[Stored records]

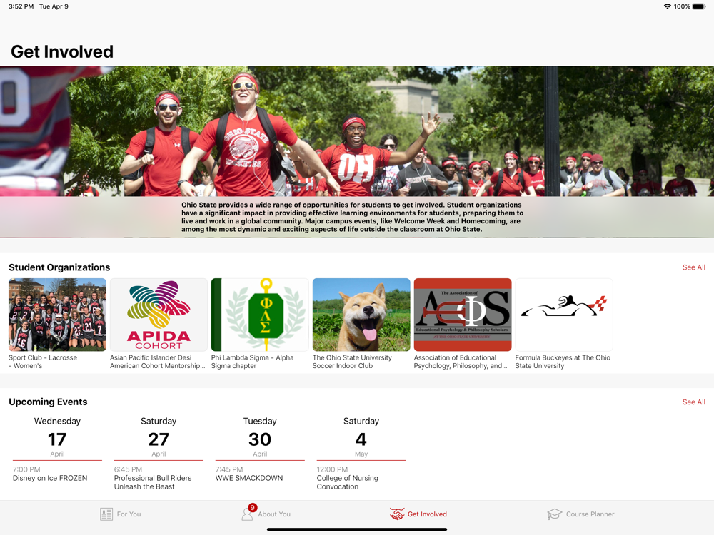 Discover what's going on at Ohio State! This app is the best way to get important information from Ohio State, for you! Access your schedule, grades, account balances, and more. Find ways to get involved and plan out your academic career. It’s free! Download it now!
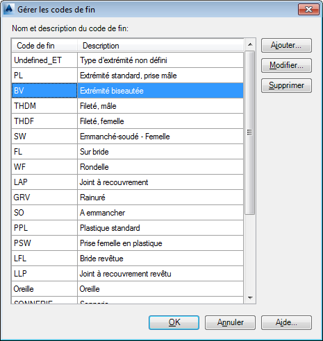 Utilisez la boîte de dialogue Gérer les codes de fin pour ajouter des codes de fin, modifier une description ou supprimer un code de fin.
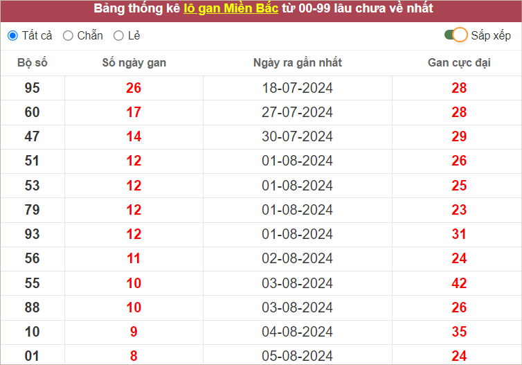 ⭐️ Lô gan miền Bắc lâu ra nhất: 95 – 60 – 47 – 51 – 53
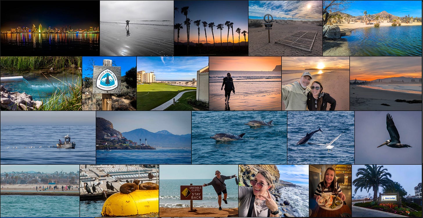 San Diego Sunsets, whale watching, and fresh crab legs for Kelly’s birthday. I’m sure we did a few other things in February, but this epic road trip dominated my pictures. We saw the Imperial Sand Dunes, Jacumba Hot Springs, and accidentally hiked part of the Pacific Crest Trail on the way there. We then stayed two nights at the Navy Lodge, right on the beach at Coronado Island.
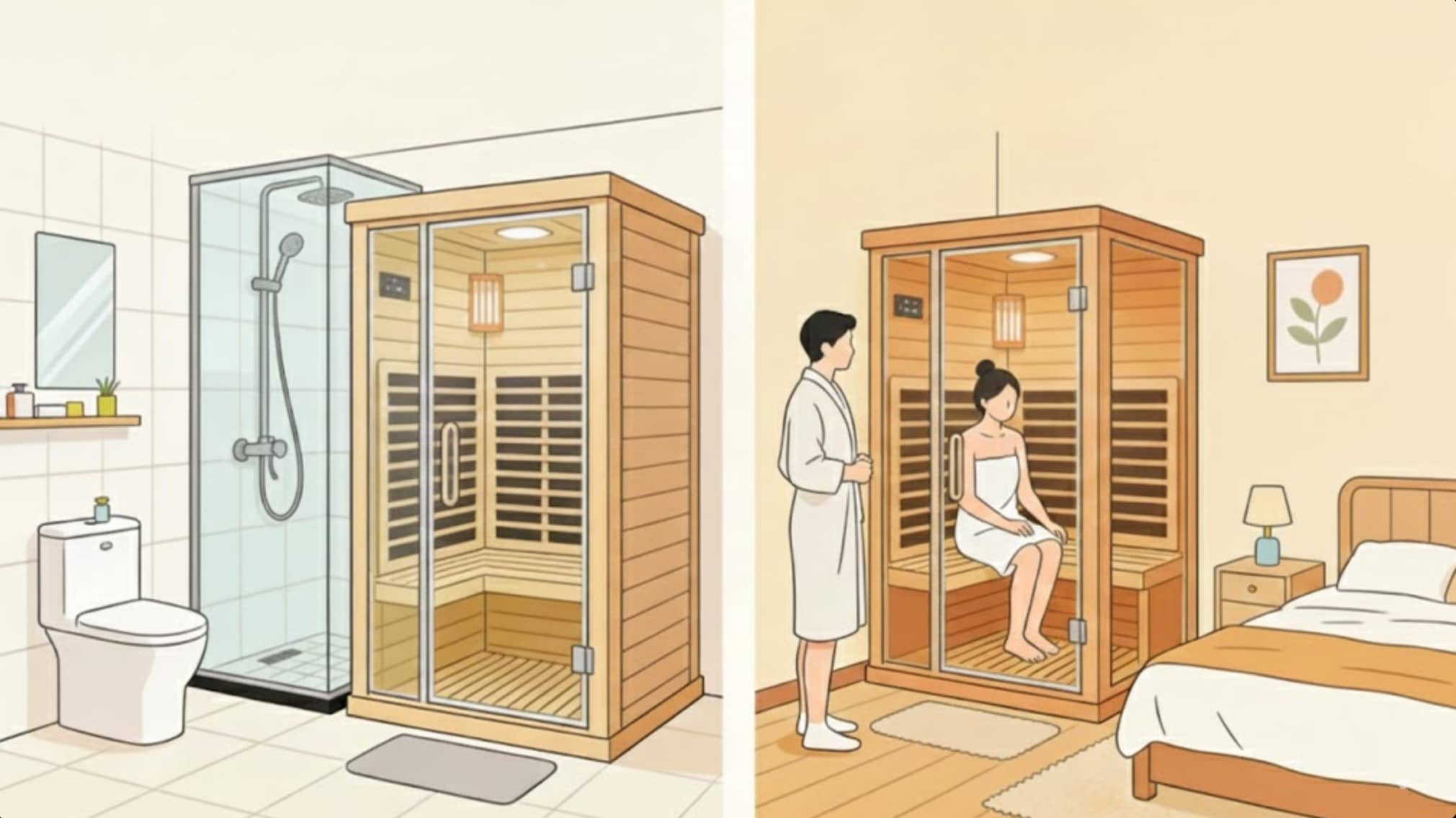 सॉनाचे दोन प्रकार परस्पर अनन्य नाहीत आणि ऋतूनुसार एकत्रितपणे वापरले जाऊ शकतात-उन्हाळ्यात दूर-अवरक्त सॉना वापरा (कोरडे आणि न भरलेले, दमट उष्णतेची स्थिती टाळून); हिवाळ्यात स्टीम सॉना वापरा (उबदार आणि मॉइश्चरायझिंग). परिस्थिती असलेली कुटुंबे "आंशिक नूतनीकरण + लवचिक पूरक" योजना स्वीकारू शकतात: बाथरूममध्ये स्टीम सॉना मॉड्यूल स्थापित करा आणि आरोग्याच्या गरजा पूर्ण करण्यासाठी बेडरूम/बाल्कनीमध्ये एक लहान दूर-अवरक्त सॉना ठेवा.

* Brief: May I have only the lines from the start of the data through the line containing "47 – 51 – 53", both included, reproduced exactly and without the pictures?

* Solution for this task:
 Discover what's going on at Ohio State! This app is the best way to get important information from Ohio State, for you! Access your schedule, grades, account balances, and more. Find ways to get involved and plan out your academic career. It’s free! Download it now!
 Utilisez la boîte de dialogue Gérer les codes de fin pour ajouter des codes de fin, modifier une description ou supprimer un code de fin.
 ⭐️ Lô gan miền Bắc lâu ra nhất: 95 – 60 – 47 – 51 – 53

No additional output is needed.